= Beginning of Section =

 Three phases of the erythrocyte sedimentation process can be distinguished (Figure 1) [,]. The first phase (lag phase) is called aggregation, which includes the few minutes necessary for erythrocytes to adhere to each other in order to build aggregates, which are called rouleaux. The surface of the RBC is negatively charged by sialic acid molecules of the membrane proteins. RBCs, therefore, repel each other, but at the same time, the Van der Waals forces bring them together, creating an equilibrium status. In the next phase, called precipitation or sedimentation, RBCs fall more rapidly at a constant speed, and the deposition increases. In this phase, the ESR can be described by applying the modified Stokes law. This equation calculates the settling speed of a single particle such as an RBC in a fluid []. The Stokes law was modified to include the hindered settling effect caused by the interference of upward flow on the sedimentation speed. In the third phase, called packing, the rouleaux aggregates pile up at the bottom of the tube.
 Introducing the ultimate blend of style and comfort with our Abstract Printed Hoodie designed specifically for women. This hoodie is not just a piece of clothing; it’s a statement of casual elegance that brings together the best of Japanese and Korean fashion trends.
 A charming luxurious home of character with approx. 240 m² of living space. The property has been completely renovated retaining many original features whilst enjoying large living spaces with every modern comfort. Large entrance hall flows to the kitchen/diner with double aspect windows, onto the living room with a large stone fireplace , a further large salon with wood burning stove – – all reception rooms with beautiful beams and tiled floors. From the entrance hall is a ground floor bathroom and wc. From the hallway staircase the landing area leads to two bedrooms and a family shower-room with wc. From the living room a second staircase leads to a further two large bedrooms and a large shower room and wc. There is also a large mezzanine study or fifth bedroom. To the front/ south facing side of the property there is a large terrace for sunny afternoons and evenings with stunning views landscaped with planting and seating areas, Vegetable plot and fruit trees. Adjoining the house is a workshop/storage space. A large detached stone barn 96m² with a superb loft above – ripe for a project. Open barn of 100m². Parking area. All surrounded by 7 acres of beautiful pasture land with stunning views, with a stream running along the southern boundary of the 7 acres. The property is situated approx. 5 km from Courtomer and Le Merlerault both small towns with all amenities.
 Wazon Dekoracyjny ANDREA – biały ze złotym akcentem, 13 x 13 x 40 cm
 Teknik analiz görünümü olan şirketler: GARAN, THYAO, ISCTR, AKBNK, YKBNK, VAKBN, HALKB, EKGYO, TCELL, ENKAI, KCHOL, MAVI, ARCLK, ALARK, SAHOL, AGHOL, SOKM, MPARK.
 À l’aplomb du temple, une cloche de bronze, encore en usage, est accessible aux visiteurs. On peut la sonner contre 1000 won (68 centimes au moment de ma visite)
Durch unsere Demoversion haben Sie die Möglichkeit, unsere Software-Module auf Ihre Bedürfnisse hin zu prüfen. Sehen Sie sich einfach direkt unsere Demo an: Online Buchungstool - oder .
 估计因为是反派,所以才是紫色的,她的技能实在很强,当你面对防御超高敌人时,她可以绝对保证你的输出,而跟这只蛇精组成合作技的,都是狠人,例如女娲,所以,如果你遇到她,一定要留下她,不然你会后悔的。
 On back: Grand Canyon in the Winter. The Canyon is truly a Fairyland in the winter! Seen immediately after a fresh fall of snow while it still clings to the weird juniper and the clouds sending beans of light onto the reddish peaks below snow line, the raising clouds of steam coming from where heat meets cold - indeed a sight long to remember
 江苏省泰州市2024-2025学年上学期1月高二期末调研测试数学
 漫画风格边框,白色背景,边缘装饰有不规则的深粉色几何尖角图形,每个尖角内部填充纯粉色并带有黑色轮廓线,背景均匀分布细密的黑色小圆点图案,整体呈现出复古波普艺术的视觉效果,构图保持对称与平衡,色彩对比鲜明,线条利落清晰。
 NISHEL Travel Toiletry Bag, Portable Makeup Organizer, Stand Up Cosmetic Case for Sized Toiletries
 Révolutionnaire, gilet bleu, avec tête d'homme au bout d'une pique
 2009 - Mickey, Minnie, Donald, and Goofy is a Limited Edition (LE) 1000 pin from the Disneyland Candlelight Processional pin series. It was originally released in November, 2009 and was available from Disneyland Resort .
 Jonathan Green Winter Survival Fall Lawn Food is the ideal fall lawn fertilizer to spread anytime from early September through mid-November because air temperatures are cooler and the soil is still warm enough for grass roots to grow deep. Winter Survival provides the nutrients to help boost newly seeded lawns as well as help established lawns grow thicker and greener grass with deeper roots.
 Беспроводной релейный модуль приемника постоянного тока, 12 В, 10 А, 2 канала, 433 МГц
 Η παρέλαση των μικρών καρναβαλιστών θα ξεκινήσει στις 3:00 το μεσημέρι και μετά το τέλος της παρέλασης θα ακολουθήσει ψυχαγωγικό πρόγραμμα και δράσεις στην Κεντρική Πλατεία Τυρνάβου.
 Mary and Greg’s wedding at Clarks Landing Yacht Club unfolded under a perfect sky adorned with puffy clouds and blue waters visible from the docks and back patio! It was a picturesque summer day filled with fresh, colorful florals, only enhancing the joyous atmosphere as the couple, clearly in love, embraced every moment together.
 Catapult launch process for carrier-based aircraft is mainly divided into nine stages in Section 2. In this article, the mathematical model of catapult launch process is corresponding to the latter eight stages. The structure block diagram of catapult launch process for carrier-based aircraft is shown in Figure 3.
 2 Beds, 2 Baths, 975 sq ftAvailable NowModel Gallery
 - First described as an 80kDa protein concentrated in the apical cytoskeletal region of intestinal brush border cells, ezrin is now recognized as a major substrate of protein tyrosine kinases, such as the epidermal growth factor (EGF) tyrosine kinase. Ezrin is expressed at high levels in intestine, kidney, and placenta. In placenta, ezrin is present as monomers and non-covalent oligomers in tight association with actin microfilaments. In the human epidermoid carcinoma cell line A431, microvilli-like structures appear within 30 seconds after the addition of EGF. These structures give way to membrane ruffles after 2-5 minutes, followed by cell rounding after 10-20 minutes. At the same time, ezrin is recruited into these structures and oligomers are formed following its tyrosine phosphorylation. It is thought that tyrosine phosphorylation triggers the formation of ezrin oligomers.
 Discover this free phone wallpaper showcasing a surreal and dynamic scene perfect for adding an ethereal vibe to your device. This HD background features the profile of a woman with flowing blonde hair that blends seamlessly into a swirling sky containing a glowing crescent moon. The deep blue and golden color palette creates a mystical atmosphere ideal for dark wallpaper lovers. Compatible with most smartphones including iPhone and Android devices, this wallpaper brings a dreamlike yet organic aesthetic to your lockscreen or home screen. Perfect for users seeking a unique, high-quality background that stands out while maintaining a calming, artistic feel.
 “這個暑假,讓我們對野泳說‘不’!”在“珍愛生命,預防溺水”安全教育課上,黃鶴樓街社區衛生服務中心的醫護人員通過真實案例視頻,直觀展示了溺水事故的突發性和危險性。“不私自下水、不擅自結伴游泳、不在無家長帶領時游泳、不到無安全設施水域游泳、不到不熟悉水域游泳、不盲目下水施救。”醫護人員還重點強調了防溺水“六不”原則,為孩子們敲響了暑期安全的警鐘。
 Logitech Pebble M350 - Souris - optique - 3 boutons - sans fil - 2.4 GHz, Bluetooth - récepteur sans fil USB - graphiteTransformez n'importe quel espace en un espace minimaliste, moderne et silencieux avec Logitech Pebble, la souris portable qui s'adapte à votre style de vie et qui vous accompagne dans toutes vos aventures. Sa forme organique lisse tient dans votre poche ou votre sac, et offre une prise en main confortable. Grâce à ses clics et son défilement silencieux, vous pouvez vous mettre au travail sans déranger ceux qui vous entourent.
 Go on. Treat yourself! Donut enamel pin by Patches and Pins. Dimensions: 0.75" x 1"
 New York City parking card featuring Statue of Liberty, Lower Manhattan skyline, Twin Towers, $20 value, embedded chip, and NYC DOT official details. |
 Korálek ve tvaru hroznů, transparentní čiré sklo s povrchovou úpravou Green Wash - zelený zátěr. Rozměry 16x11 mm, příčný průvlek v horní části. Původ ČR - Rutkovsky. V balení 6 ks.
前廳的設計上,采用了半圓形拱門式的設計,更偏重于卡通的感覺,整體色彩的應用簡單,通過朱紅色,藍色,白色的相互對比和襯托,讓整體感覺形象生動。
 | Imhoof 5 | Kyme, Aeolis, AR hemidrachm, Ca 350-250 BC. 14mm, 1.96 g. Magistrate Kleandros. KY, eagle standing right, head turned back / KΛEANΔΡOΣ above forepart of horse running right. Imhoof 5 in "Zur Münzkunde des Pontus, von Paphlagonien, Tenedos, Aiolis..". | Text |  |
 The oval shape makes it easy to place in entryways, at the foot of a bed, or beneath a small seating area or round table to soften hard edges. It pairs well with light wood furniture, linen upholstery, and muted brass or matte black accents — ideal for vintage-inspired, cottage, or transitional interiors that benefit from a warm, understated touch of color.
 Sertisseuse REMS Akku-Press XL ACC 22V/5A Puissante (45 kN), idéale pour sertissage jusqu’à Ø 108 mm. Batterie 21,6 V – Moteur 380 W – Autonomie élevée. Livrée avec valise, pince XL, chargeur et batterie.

= End of Section =

Task item :: In the entries above, find the line with "On back: Grand" and the line with "Révolutionnaire, gilet bleu, avec", then restate word for word both of them and every line between, with nothing more.

Answer for this exercise ::
 On back: Grand Canyon in the Winter. The Canyon is truly a Fairyland in the winter! Seen immediately after a fresh fall of snow while it still clings to the weird juniper and the clouds sending beans of light onto the reddish peaks below snow line, the raising clouds of steam coming from where heat meets cold - indeed a sight long to remember
 江苏省泰州市2024-2025学年上学期1月高二期末调研测试数学
 漫画风格边框,白色背景,边缘装饰有不规则的深粉色几何尖角图形,每个尖角内部填充纯粉色并带有黑色轮廓线,背景均匀分布细密的黑色小圆点图案,整体呈现出复古波普艺术的视觉效果,构图保持对称与平衡,色彩对比鲜明,线条利落清晰。
 NISHEL Travel Toiletry Bag, Portable Makeup Organizer, Stand Up Cosmetic Case for Sized Toiletries
 Révolutionnaire, gilet bleu, avec tête d'homme au bout d'une pique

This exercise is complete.